### Task objective
Transcribe the listing underneath, keeping each word exact and omitting the images.

### Material provided
>>

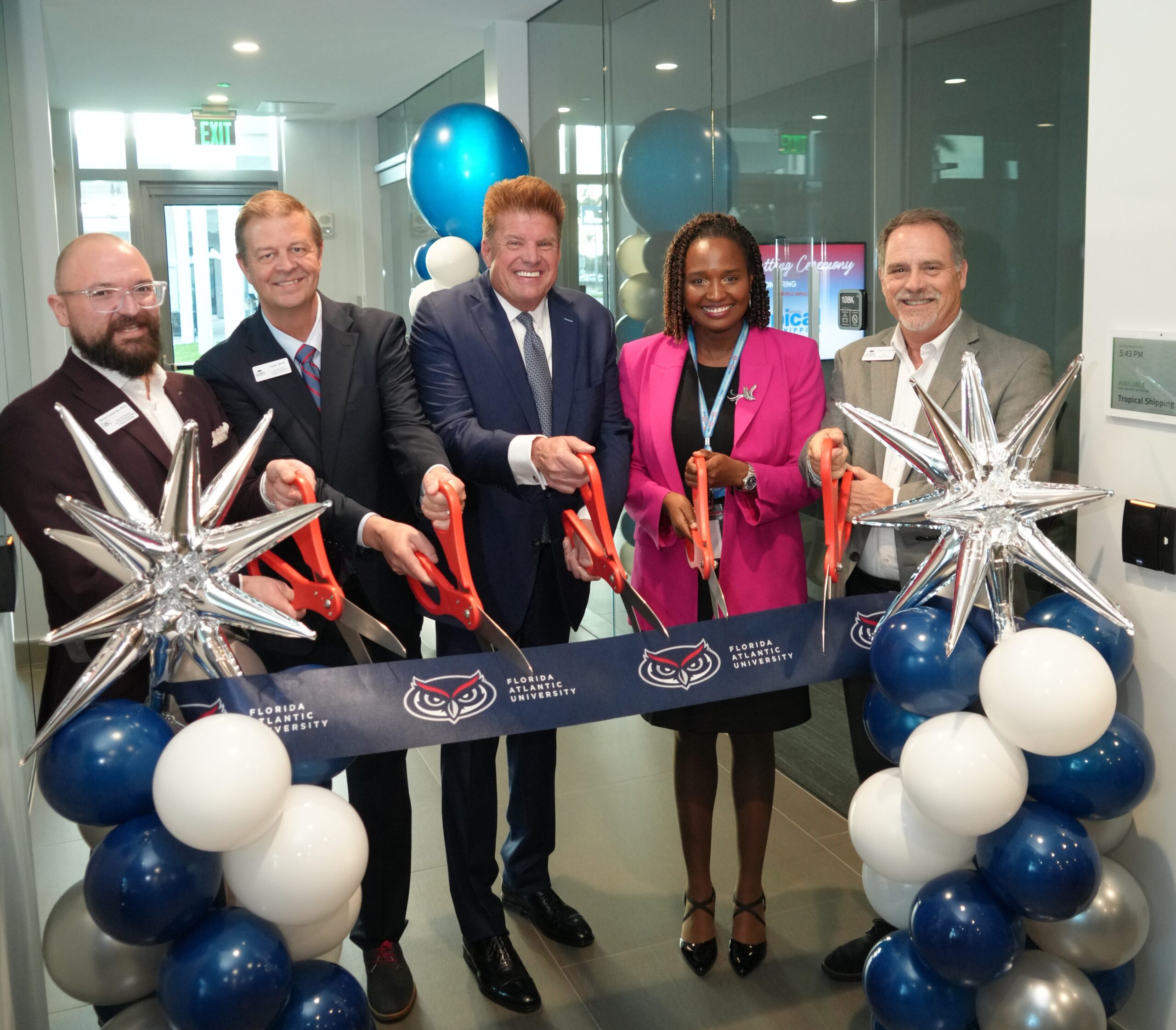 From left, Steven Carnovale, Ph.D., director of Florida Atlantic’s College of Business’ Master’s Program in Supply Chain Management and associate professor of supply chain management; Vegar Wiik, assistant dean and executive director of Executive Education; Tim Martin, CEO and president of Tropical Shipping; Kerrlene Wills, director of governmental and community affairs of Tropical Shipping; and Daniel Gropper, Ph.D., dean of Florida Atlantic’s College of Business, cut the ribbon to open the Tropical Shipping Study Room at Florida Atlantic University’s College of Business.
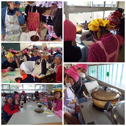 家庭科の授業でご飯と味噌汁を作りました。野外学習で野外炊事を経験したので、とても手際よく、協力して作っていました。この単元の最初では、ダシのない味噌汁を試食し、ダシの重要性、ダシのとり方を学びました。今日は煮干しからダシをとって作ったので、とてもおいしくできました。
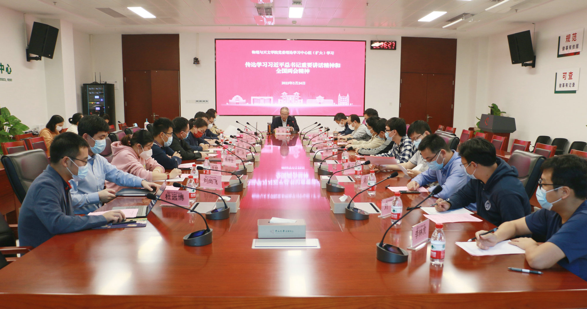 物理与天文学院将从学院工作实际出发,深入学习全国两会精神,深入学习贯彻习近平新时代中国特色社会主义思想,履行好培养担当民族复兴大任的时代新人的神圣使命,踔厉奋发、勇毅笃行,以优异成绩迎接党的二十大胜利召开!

<<

### Output
 From left, Steven Carnovale, Ph.D., director of Florida Atlantic’s College of Business’ Master’s Program in Supply Chain Management and associate professor of supply chain management; Vegar Wiik, assistant dean and executive director of Executive Education; Tim Martin, CEO and president of Tropical Shipping; Kerrlene Wills, director of governmental and community affairs of Tropical Shipping; and Daniel Gropper, Ph.D., dean of Florida Atlantic’s College of Business, cut the ribbon to open the Tropical Shipping Study Room at Florida Atlantic University’s College of Business.
 家庭科の授業でご飯と味噌汁を作りました。野外学習で野外炊事を経験したので、とても手際よく、協力して作っていました。この単元の最初では、ダシのない味噌汁を試食し、ダシの重要性、ダシのとり方を学びました。今日は煮干しからダシをとって作ったので、とてもおいしくできました。
 物理与天文学院将从学院工作实际出发,深入学习全国两会精神,深入学习贯彻习近平新时代中国特色社会主义思想,履行好培养担当民族复兴大任的时代新人的神圣使命,踔厉奋发、勇毅笃行,以优异成绩迎接党的二十大胜利召开!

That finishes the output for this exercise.